Coefficient after the wavelet decomposition is divided into fringing coefficient, level and smooth fauna number and texture area coefficient, the entropy in image smoothing district is less, and the zone that entropy is bigger then belongs to image border district or texture area, the texture area corresponding variance is less simultaneously, and the marginal zone corresponding variance is bigger; The entropy of four child nodes by calculating wavelet coefficient and the size of variance reflect whether this wavelet coefficient belongs to fringing coefficient, and smoothing factor still is the texture coefficient; If 4 child node coefficients of certain wavelet coefficient X are X1, X2, X3 and X4, the entropy of these four child node coefficients is defined as:

ENTROPY = \underset{i = 1,2,3,4}{Σ} probs (Xi) \cdot I (i)

Wherein: I (i)=-log2 (probs (Xi))

The variance that defines four child node coefficients simultaneously is:

D (X) = \underset{i = 1,2,3,4}{Σ} {(Xi - E (X))}^{2}

Wherein:

E (X) = \frac{1}{4} \underset{i = 1,2,3,4}{Σ} Xi

When the entropy of child node coefficient during less than certain threshold value δ (value is less), then the father node coefficient is a dead smooth fauna number, otherwise is edge or texture area coefficient, and simultaneously when child node parameter variance during greater than certain threshold value Δ, then the father node coefficient is the marginal zone coefficient, otherwise is the texture area coefficient; For high frequency coefficient, judge with the character of its father node coefficient that then promptly the father node coefficient is the marginal zone coefficient, then it is the marginal zone coefficient; Marginal zone coefficient and dead smooth fauna number are the vision significant coefficient, and the texture area coefficient is considered as common coefficient.

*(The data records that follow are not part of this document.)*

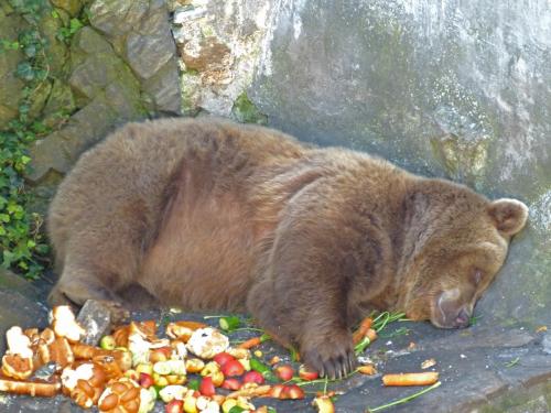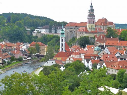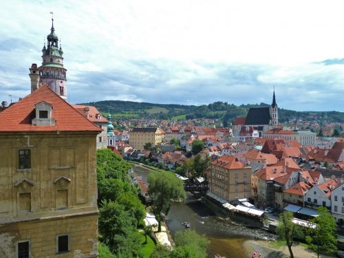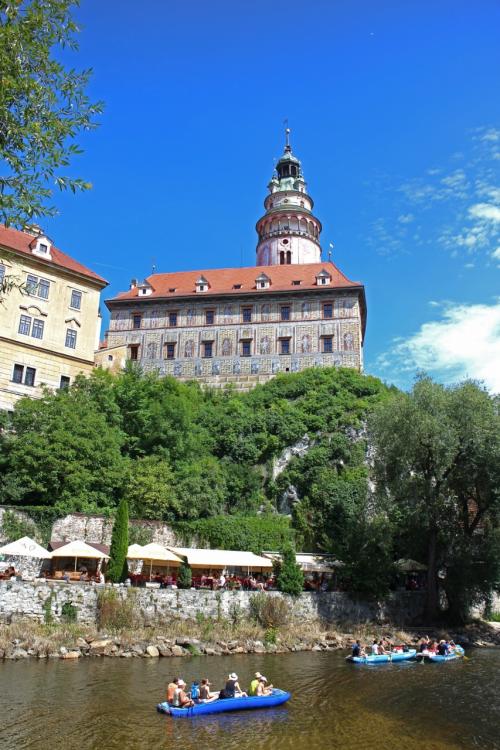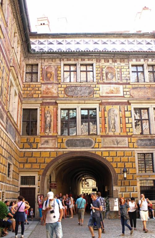 歴史地区からどんどん坂や階段を昇ると、ようやく『チェスキー・クロムノフ城』に到着します!人気の観光地なのか、とにかくすごい観光客の数にびっくり!皆さん、なぜか左右のお堀を見ているので、我々も見てみると、たくさんのエサに囲まれて幸せそうなくまさん発見!その昔、王様が狩りに出た際、くまさんと鉢合わせし、逆にくまさんが城に王様を追っかけて来たというエピソードがあり、それ以来飼われているらしいです。お城の壁の装飾は、彫刻ではなく、すべて描かれたもの。だまし絵の数々に見入ってしまいます。お城の中を見学するツアーもあるのですが、撮影禁止ということで、今回はパス。お城からの眺めを楽しむだけでも十分満足できました。
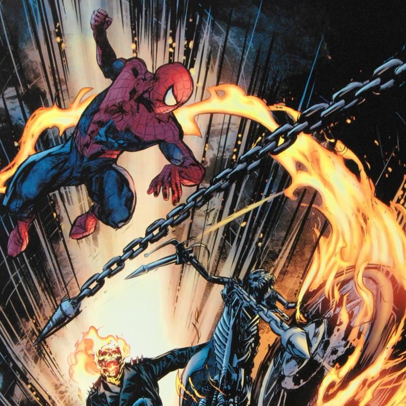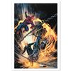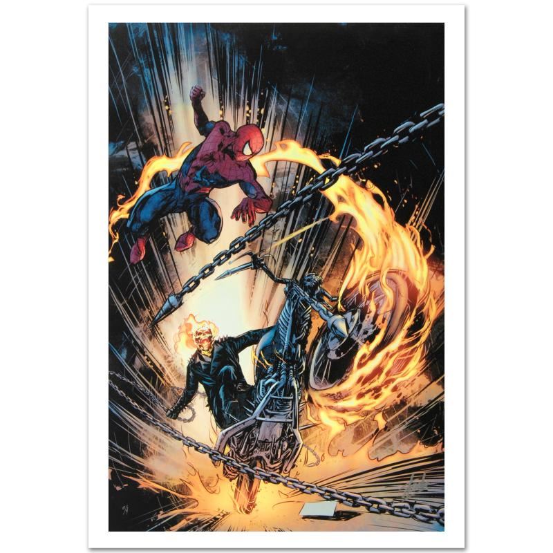 A piece of comic book history, this limited edition, from original art by Roberto De La Torre, depicts an epic battle between two famed comic book icons: The Amazing Spider-Man and Ghost Rider. Since working with Marvel, Roberto De La Torre has worked on some popular comic book series, like Iron Man, Ms. Marvel, and Dare Devil. "Amazing Spider-Man/Ghost Rider: Motorstorm #1" is a limited edition giclee on canvas by Roberto De La Torre presented by Marvel Comics, numbered and hand signed by the great Stan Lee! Includes Certificate of Authenticity! Measures approx. 18" x 27" (image).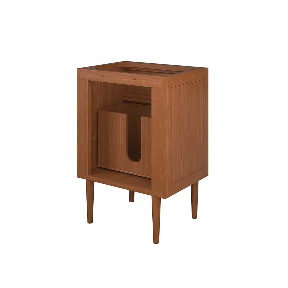 Bring mid-century inspiration and organic tropical aesthetics into any bathroom space with the Cassia 24″ Bathroom Vanity Cabinet. Featuring a clean-lined design and brass metal hardware, this vanity is durably crafted from solid teak wood with a faux top drawer for added interest. Raised off the ground by retro tapered legs, this bathroom vanity cabinet features ample storage in its spacious bottom drawer, complete with a convenient cut-out to accommodate plumbing. Includes non-marking foot caps. Assembly required. Sink basin and fixtures not included. Weight Capacity: 187 lbs.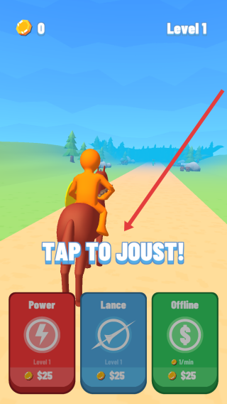 1、Level-1启动页,点击屏幕,操控骑士,在道路场景,准备“TAP-TO-JOUST”,开启骑行对战。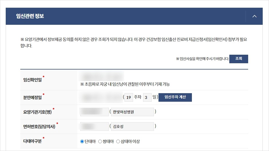 본인인증을 한 뒤 다음으로 넘어가 개인 정보를 확인해 줍니다. 이때 예전에 발급 받았던 임신확인서를 보고 임신확인일, 분만예정일 등의 정보를 확인하여 입력하여줍니다. 철분제는 임신 16주부터 가능하오니 임신 16주가 되신 분들만 철분제 신청을 할 수 있을 듯 합니다.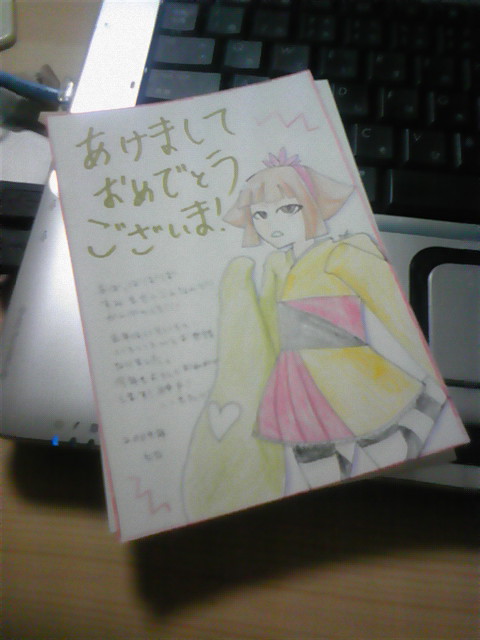 年賀状喜んでいただけたようで。露骨にロリ絵とかかいたろーかなーとも思いましたが自重しました。キャラデザも面倒だったので彼女に…(笑)自宅戻ってから12Xさんの年賀状初見するので楽しみです☆
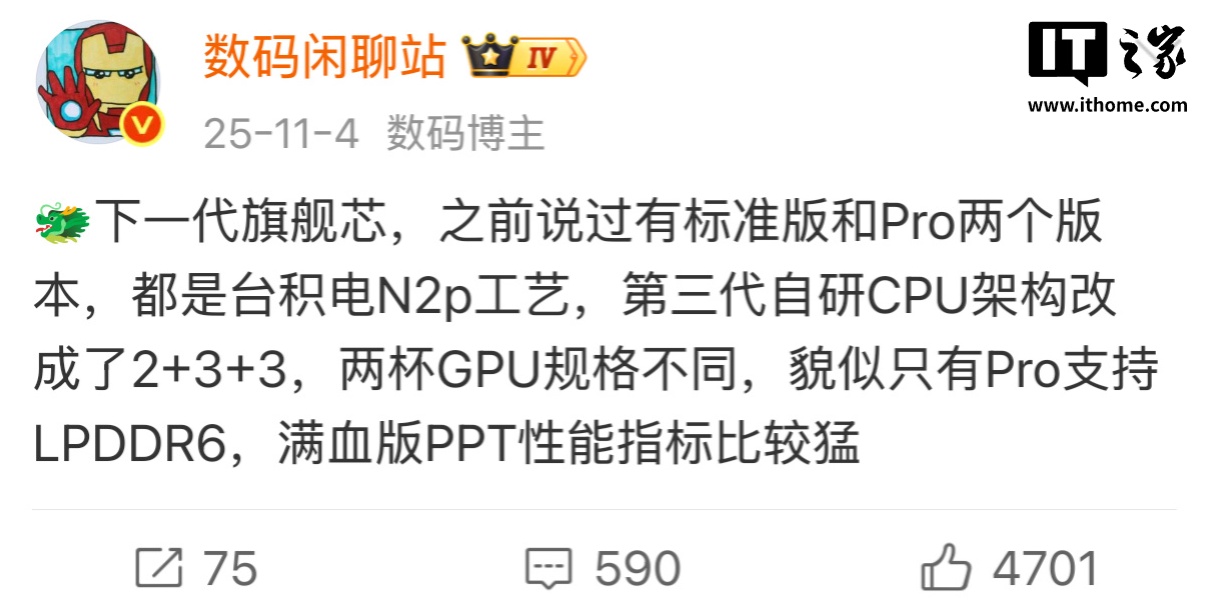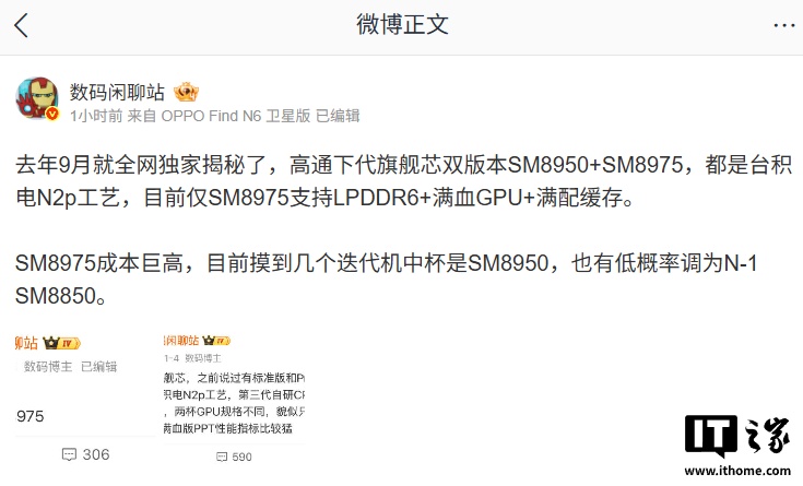 IT之家 2 月 9 日消息,博主 @数码闲聊站 今日爆料称,高通下代旗舰芯双版本 SM8950+SM8975,都是台积电 N2p 工艺,目前仅 SM8975 支持 LPDDR6+ 满血 GPU+ 满配缓存。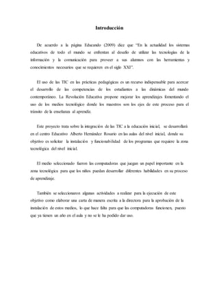Este documento describe un proyecto para integrar las TIC en la educación inicial en el Centro Educativo Alberto Hernández Rosario. El proyecto busca solicitar la instalación y funcionabilidad de los programas necesarios para la zona tecnológica del nivel inicial, la cual cuenta con computadoras pero no ha podido ser utilizada debido a que no tiene internet ni los programas instalados. El objetivo es motivar el uso de la tecnología en el aula inicial mediante actividades lúdicas de aprendizaje con las computadoras.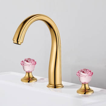 Gold Flower Crystal Handle Bathroom Faucet – 8″ Widespread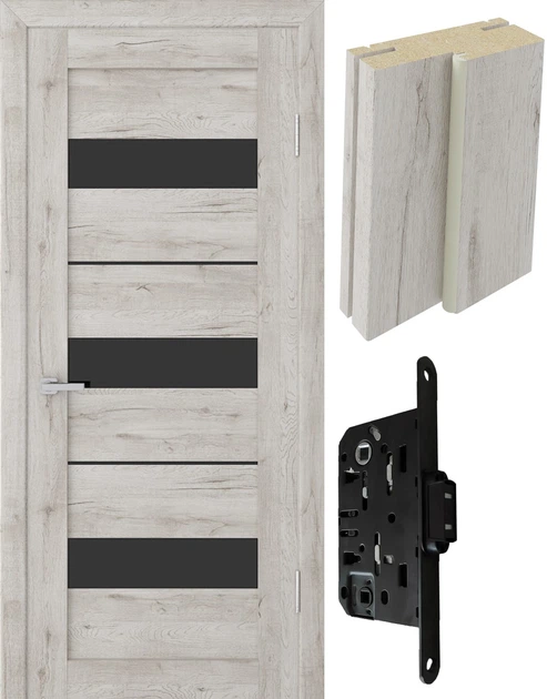 Двері міжкімнатні (комплект) Neman Рів'єра RV 03 Дуб Болтон 800 ПО (40 мм) чорне скло/410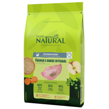 Indicada para gatos sênior castrados: A Ração Guabi Natural é formulada especialmente para atender às necessidades nutricionais de gatos mais velhos que passaram pela castração, promovendo um envelhecimento saudável.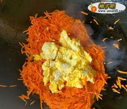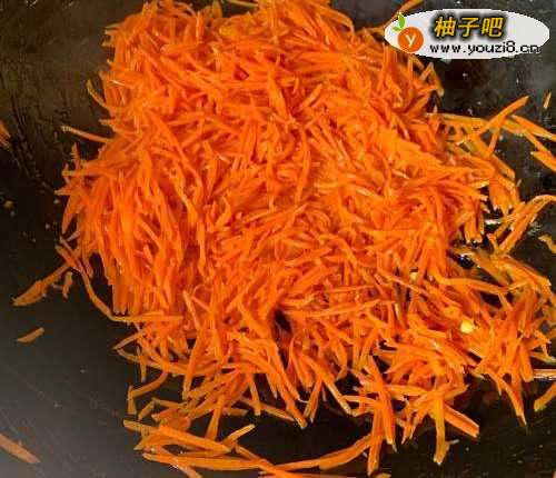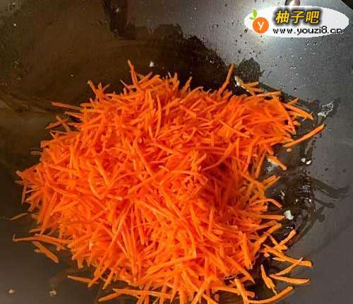 5再加入少量食用油,将胡萝卜丝倒入锅里一起翻炒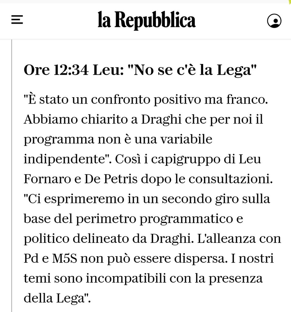 Il terribile fatto è che l’appoggio della lega può essere il bacio della morte, oppure il sostegno su programma di monetizzare il debito, che è quello che hanno sempre detto borghi e bagnai. Ma ve lo vedete il PD accettare, la sinistra sciolta e a pacchetti LGBT e europeismo, votare i provvedimenti di Draghi insieme alla Lega? Su un programma di centro-destra?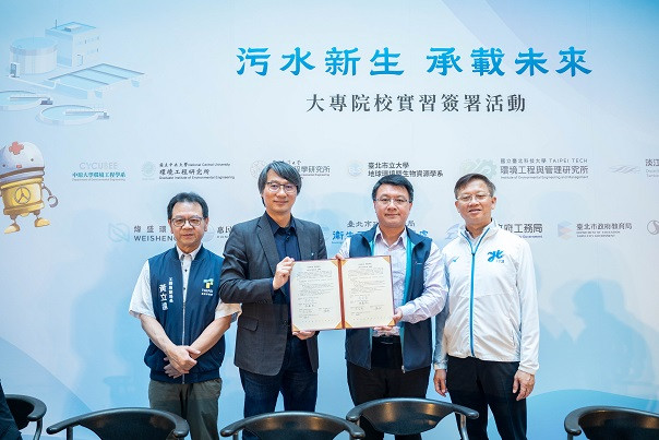 臺北市政府衛生下水道工程處今(26)日舉行「污水新生 承載未來」大專院校實習簽署典禮,工務局副局長黃立遠、教育局副局長鄧進權及國內6所大學蒞臨見證。衛工處為強化青年學子對水資源循環與環境工程的理解與實務接軌,特別規劃「污水處理廠大專院校實習計畫」,邀請國內6大具有環境工程相關學系之大學學生,利用暑假走進迪化及內湖污水處理廠實習,進行實地作業與學習,藉由污水處理操作流程、維護管理、水質實驗、環境教育等面向,達成理論的實踐,也有助於業界提前培養與延攬人才。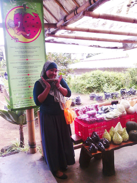 Ambil2 stroberi yang banyak ... ambilnya harus pake gunting, kalo ditarik akan tercabut semua sampai akar2nya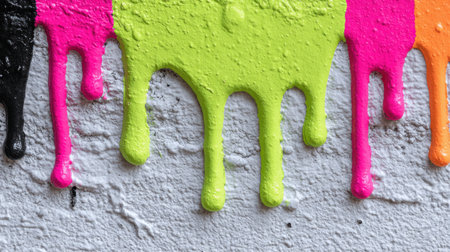 The image features vibrant paint drips in multiple colors, including pink, green, and orange, against a textured white background. The composition highlights the flowing paint in an abstract manner. This colorful design can be used for artistic, decorative, or creative projects and would be suitable for various commercial purposes.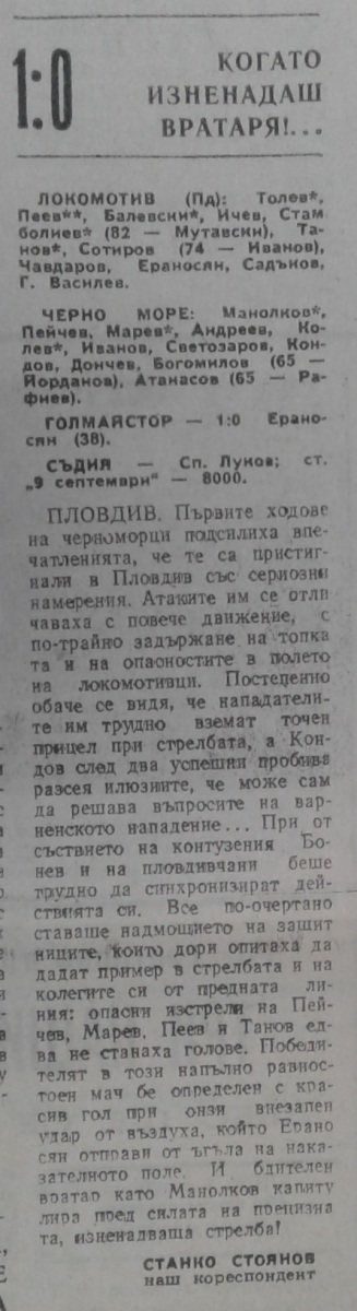 «Локомотив» Пловдив - «Черно море» Варна - 1:0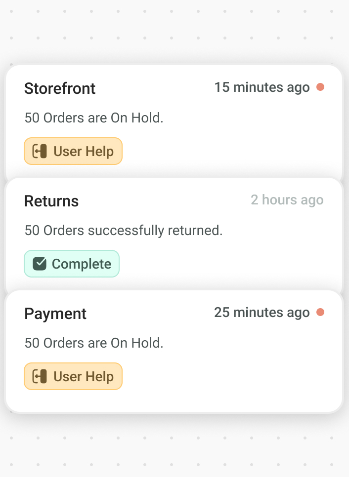 Get notified before small hiccups turn into customer-impacting issues, with real-time monitoring across payment, fulfilment and support workflows.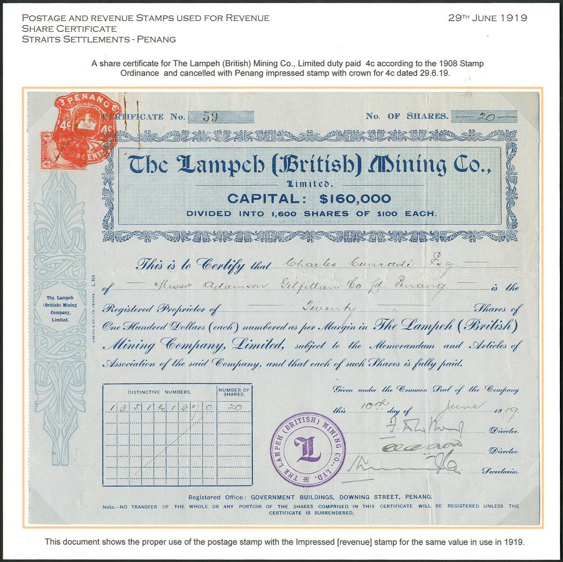 Lampeh (British) Mining Co. Ltd., $100 shares, 19[19], no.59, scrollwork at left, blue, adhesive Straits Settlements and impressed Penang revenue stamps, rust mark at top edge, very fine and scarce.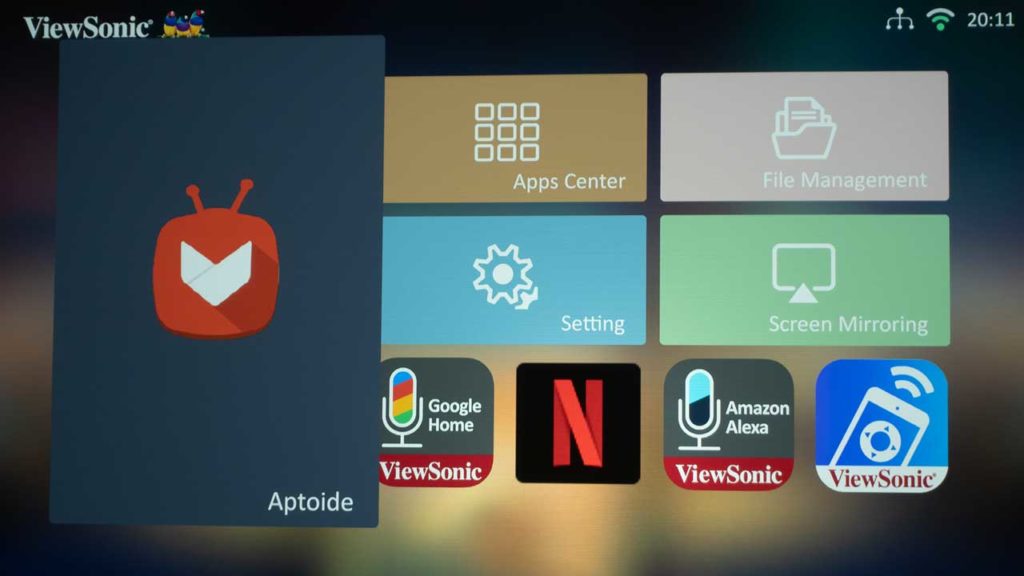 The Home menu appears when you turn on the X100-4K. The menu has a large rectangular tab for the previously mentioned Aptoide app. At any time, you could press the Home button, which looks like a house, to brings you to the home screen.

3. the method for encoding images based on human-eye visual characteristic according to claim 1, it is characterized in that utilizing arithmetic coding that two class coefficient classification quantitatives are encoded, according to the wavelet coefficient classification results, define 6 kinds of symbols: zerotree root T, isolated null value Z, positive significant coefficient P, bear a heavy burden and want coefficient N, positive vision significant coefficient R and negative vision significant coefficient S finish embedded encodedly by successive approximation to quantification, common threshold series T is set ₀, T ₁..., T _N-1Decide significant coefficient, wherein T _i=T _I-1/ 2 and initial threshold T ₀=2M, M=log2[Max (abs (Xi))], Xi is a wavelet coefficient, and vision threshold value series DT is set simultaneously ₀, DT ₁..., DT _N-1Decide the vision significant coefficient, wherein DT _i=DT _I-1/ 2, and DT _i=T _i/ 2; At a certain quantized level T _i, for the wavelet coefficient of identical size, the vision significant coefficient is owing to quantizing the meticulousr littler quantization error that has, and the vision significant coefficient of littler one-level is also quantized simultaneously.